ABOUT THIS TASK -> Repeat exactly the lines of the material below that run from the "Рисунок 4.4- Принципиальная" line to the "昔はなかった、神楽坂の途中の" line, including both, and do not carry over any pictures.
=== Section Start ===
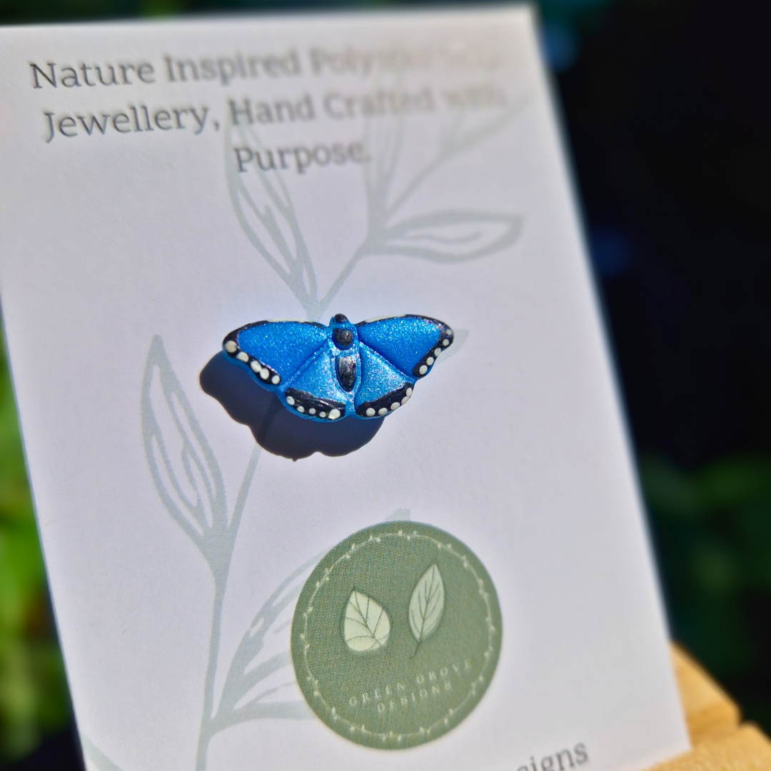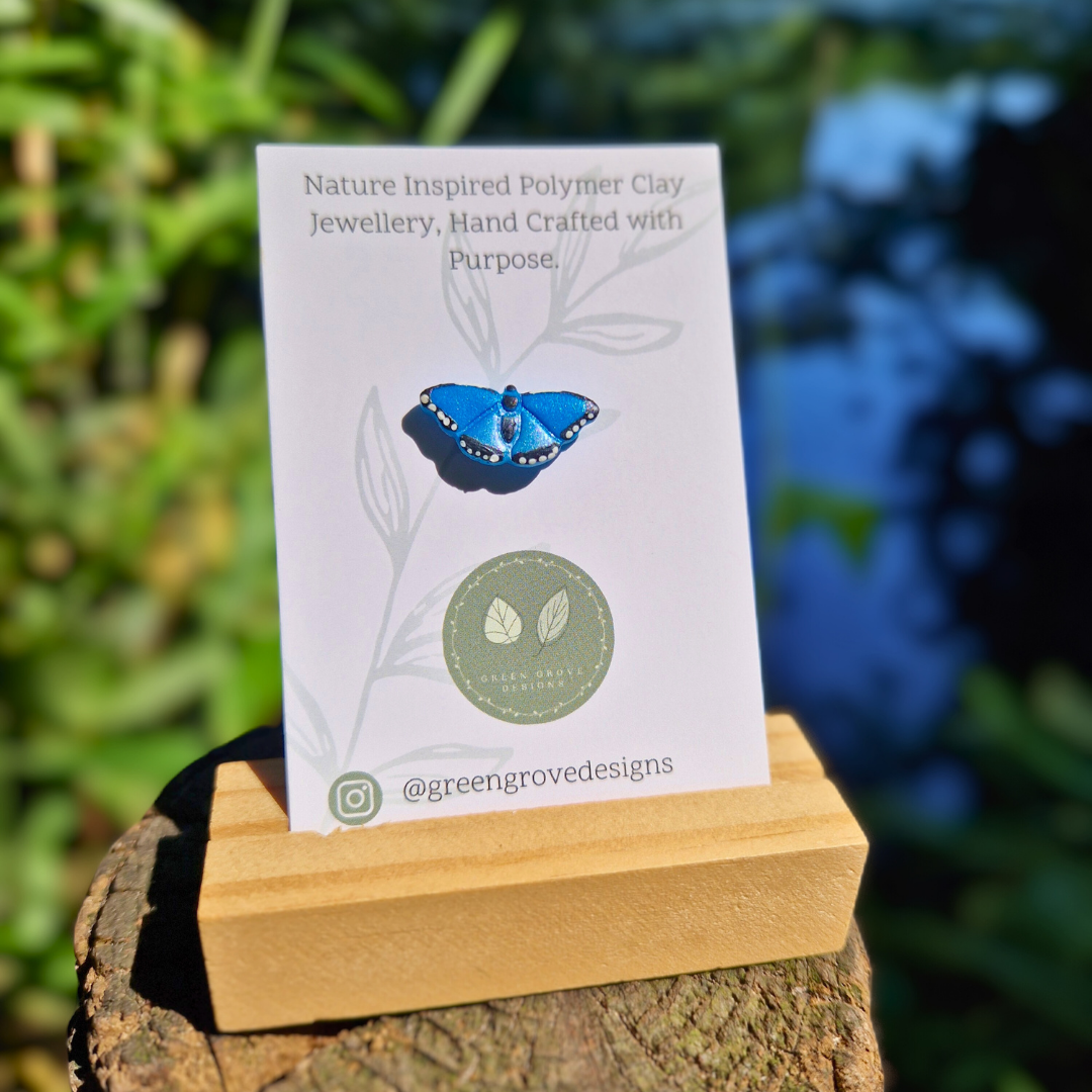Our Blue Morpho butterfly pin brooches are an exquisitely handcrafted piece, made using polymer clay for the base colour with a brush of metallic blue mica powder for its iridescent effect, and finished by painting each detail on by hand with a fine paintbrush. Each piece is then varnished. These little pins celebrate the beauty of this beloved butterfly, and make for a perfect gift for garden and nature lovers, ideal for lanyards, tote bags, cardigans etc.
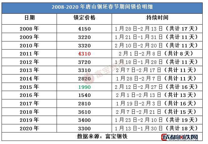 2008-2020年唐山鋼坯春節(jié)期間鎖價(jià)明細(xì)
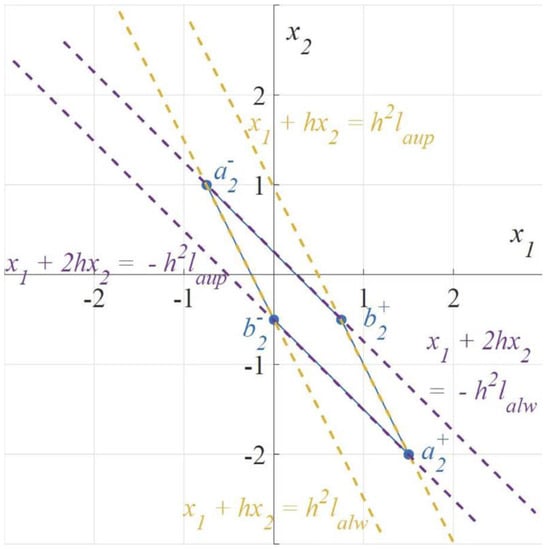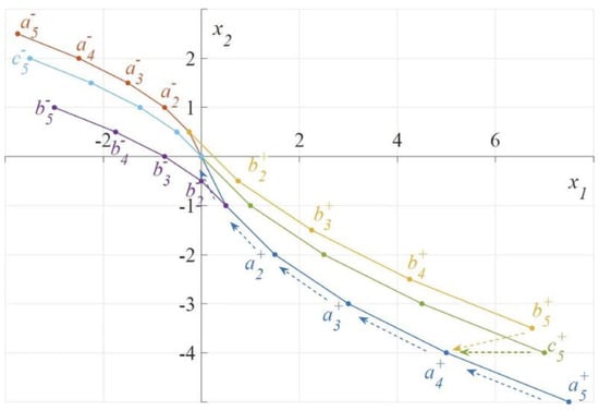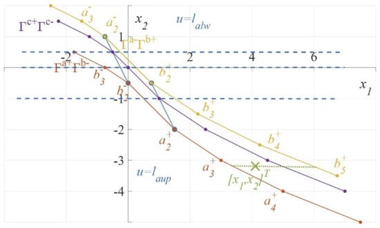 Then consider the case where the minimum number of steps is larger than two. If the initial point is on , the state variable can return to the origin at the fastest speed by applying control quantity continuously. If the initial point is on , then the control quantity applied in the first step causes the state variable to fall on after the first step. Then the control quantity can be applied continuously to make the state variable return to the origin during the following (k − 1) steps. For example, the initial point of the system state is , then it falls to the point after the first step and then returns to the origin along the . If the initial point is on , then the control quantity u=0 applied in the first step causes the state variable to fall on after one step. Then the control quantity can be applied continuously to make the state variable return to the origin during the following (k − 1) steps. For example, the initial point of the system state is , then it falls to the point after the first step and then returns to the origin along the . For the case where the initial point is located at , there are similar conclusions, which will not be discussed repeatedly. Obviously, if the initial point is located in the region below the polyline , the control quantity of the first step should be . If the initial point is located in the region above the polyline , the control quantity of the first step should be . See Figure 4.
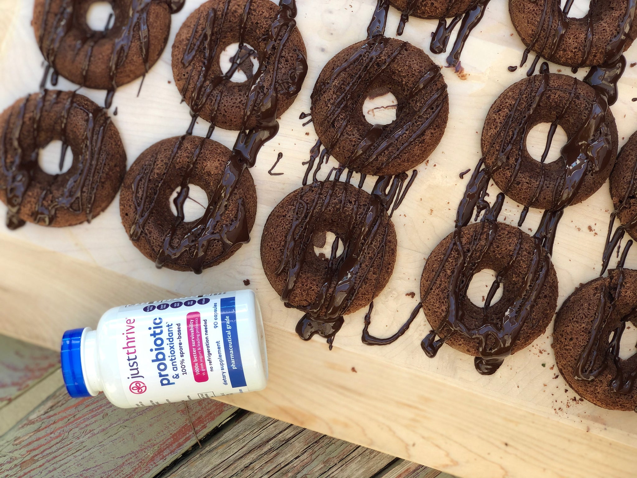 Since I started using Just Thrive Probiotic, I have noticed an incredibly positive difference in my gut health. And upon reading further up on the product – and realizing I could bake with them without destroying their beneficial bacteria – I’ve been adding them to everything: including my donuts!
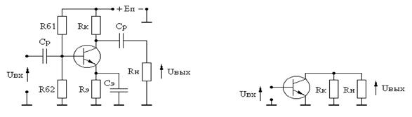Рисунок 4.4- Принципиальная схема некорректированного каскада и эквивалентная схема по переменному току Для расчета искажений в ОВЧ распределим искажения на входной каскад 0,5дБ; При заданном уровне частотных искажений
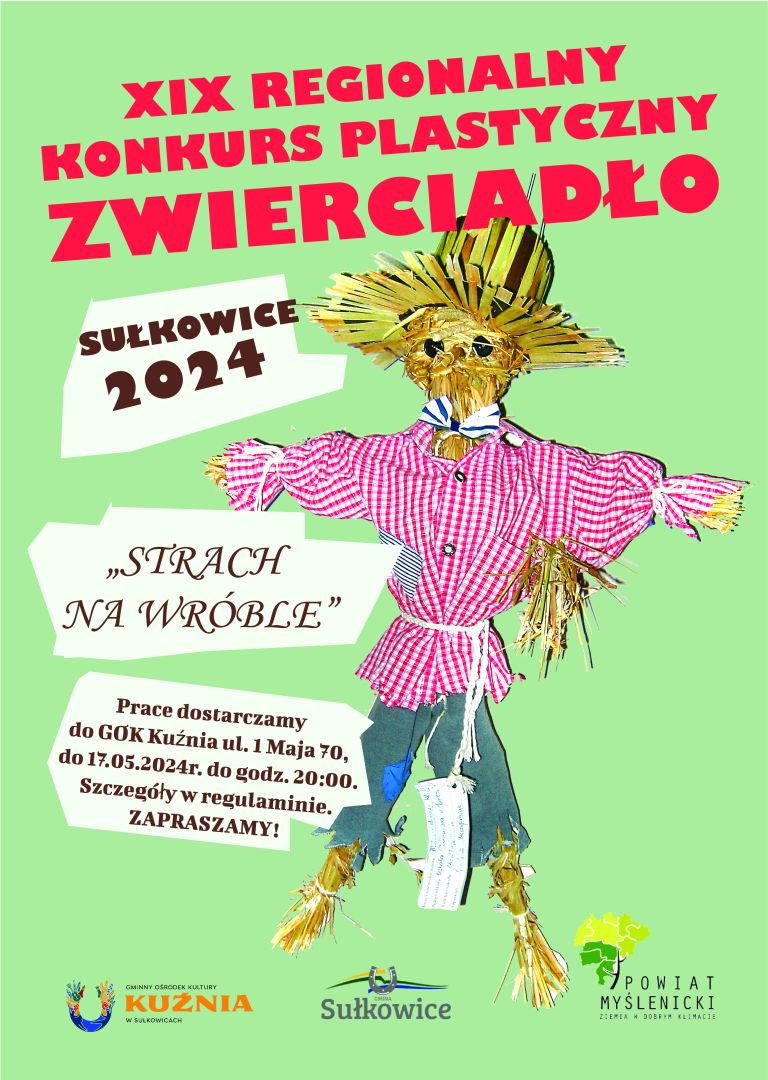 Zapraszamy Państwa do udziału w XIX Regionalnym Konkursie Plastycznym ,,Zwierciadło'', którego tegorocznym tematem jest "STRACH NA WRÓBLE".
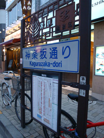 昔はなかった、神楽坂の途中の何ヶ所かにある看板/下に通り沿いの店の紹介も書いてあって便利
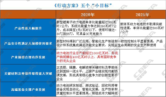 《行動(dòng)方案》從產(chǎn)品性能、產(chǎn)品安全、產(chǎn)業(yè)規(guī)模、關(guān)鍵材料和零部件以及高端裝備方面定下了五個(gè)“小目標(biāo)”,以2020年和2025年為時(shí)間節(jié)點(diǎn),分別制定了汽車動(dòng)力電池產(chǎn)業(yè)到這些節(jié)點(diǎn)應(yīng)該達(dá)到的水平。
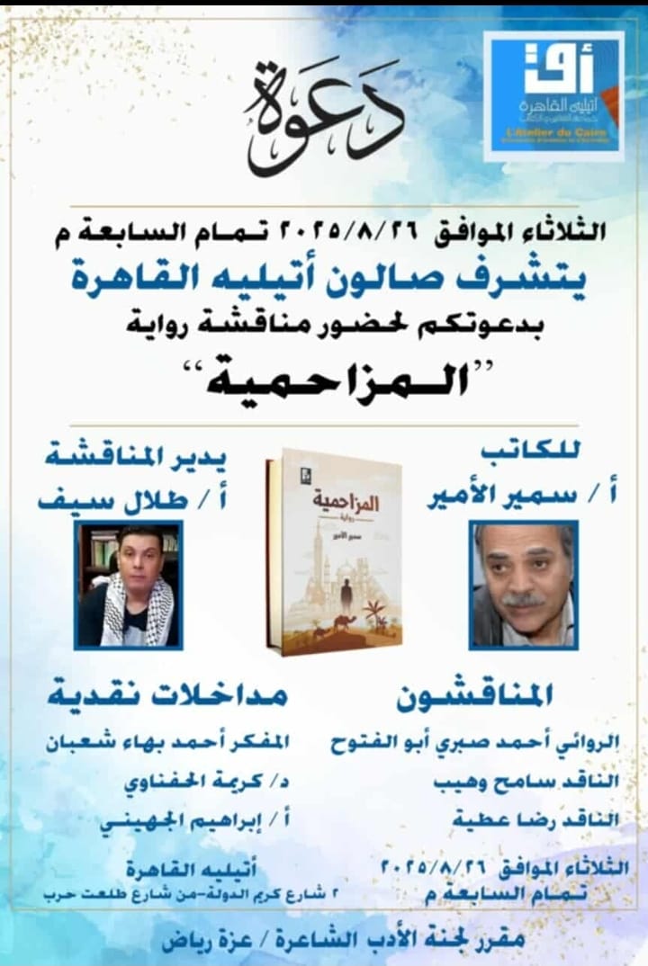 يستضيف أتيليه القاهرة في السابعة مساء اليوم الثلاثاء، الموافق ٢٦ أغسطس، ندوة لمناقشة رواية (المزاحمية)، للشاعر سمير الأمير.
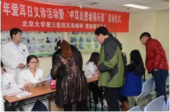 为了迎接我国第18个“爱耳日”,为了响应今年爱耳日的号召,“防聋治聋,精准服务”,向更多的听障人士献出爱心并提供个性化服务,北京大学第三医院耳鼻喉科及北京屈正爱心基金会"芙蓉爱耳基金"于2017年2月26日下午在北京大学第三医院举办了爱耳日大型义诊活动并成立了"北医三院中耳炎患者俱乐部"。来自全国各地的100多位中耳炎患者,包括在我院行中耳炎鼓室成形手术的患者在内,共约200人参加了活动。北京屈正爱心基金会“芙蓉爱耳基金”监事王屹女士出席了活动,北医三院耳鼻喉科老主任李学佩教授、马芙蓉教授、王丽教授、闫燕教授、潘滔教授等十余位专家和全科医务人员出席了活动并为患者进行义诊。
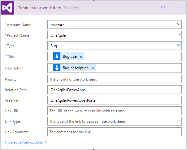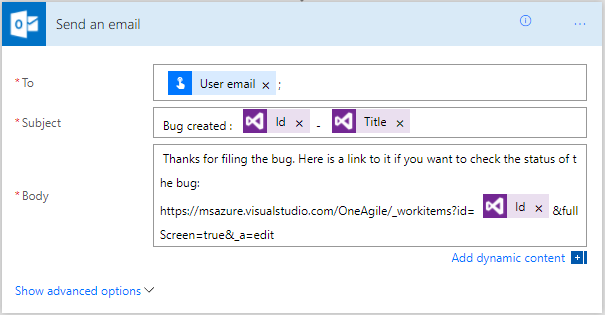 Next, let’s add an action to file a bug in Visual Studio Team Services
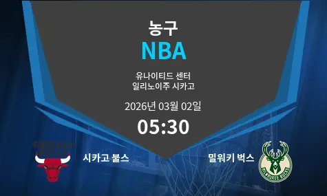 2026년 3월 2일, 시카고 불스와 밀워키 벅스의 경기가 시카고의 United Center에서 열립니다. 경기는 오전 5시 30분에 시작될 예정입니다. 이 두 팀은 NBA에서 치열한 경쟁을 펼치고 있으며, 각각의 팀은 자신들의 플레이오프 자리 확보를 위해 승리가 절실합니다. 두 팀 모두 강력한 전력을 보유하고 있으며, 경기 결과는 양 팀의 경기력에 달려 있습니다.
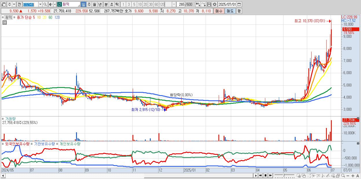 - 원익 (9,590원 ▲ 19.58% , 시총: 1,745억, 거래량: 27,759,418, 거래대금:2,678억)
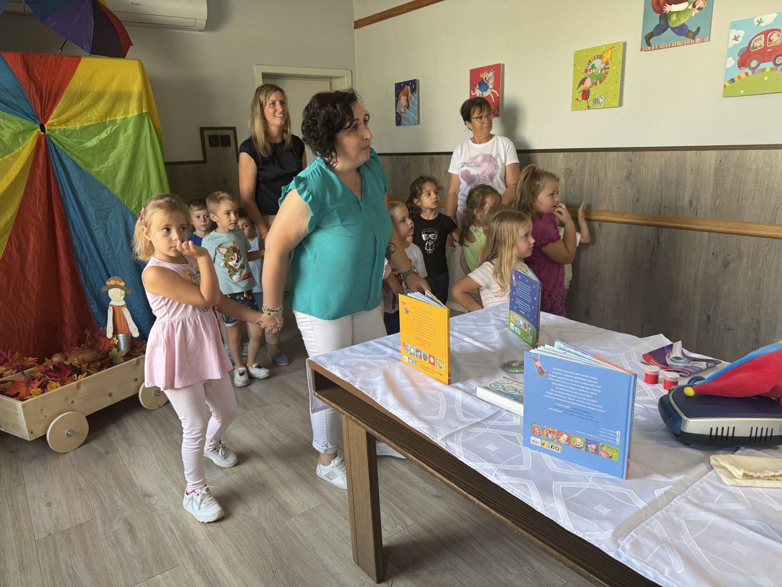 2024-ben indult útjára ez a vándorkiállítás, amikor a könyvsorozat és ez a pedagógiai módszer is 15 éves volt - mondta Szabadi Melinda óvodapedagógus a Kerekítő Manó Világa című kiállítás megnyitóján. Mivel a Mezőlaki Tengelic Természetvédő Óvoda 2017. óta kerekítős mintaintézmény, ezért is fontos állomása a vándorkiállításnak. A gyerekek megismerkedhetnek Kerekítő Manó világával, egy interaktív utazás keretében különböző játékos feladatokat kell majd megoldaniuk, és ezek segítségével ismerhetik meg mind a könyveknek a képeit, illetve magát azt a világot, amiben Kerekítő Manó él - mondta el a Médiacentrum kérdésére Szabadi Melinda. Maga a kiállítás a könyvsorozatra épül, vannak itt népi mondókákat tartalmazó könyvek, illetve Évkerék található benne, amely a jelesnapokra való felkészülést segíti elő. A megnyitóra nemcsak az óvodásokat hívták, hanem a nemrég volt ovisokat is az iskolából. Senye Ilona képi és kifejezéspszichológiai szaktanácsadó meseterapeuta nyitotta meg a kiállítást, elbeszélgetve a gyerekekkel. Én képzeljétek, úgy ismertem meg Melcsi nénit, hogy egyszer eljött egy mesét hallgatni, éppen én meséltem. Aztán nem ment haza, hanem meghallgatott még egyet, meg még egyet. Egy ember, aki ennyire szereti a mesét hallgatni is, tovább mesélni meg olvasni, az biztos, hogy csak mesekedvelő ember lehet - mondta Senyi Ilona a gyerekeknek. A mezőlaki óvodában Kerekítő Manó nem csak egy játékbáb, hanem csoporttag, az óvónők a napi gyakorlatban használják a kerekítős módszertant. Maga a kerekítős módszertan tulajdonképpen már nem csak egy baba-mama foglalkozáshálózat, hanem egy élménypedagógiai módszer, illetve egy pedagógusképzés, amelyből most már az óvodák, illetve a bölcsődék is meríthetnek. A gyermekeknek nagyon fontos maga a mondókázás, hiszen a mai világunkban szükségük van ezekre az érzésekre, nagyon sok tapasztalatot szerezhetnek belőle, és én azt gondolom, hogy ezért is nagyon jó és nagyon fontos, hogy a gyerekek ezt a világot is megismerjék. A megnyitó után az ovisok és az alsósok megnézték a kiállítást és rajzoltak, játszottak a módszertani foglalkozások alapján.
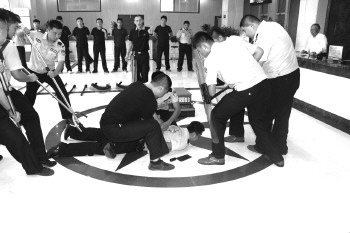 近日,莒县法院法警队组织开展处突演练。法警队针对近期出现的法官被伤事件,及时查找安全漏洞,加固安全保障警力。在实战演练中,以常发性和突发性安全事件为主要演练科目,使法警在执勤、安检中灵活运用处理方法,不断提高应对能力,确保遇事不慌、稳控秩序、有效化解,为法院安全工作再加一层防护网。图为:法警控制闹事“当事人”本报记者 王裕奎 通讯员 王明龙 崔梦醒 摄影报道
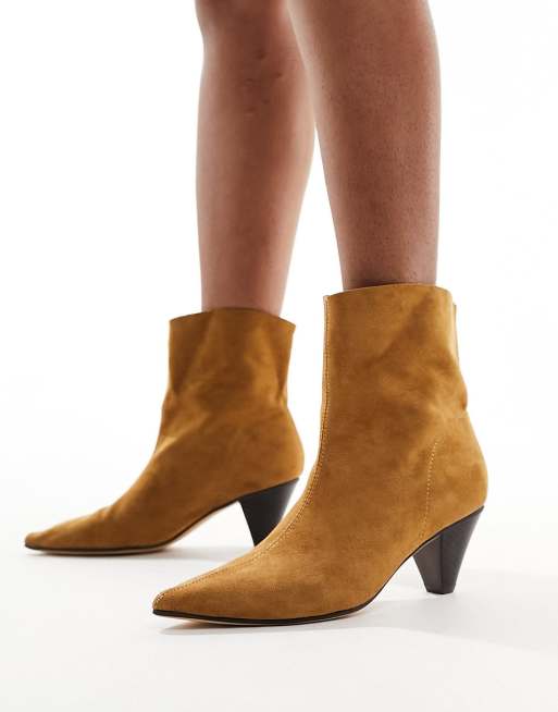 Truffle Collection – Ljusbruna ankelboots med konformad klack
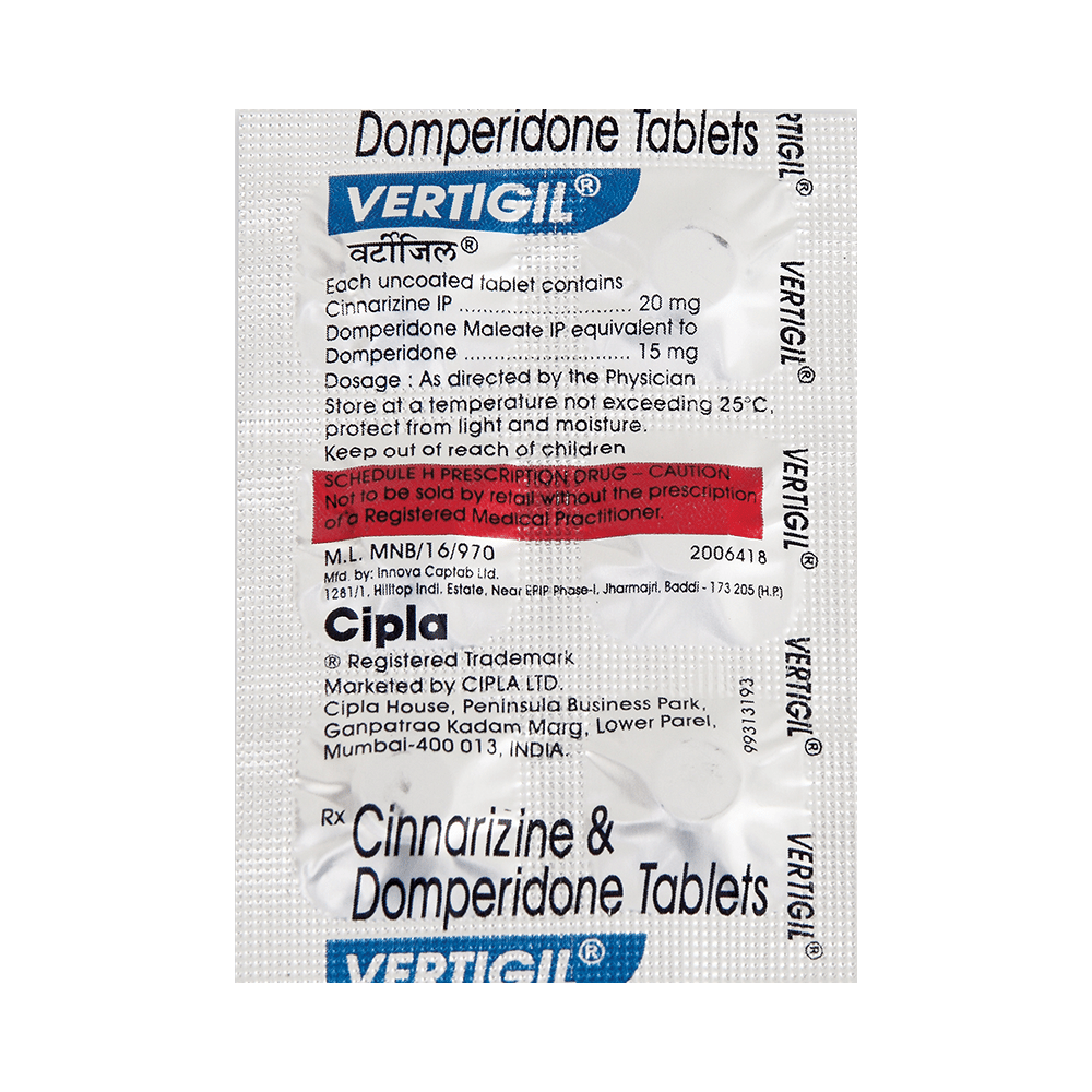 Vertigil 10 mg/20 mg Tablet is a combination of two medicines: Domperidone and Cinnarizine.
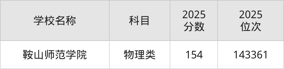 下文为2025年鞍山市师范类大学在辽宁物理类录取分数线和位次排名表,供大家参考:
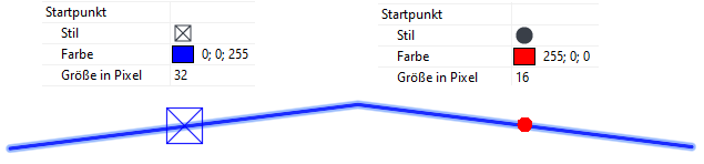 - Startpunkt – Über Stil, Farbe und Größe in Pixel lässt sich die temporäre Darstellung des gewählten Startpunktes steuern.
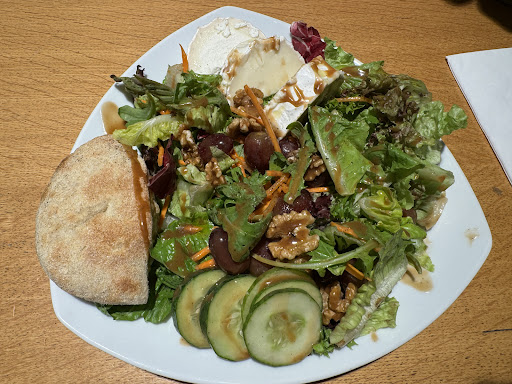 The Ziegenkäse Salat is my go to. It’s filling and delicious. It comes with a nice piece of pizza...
=== Section End ===
RESPONSE TO THE TASK ->
Рисунок 4.4- Принципиальная схема некорректированного каскада и эквивалентная схема по переменному току Для расчета искажений в ОВЧ распределим искажения на входной каскад 0,5дБ; При заданном уровне частотных искажений
 Zapraszamy Państwa do udziału w XIX Regionalnym Konkursie Plastycznym ,,Zwierciadło'', którego tegorocznym tematem jest "STRACH NA WRÓBLE".
 昔はなかった、神楽坂の途中の何ヶ所かにある看板/下に通り沿いの店の紹介も書いてあって便利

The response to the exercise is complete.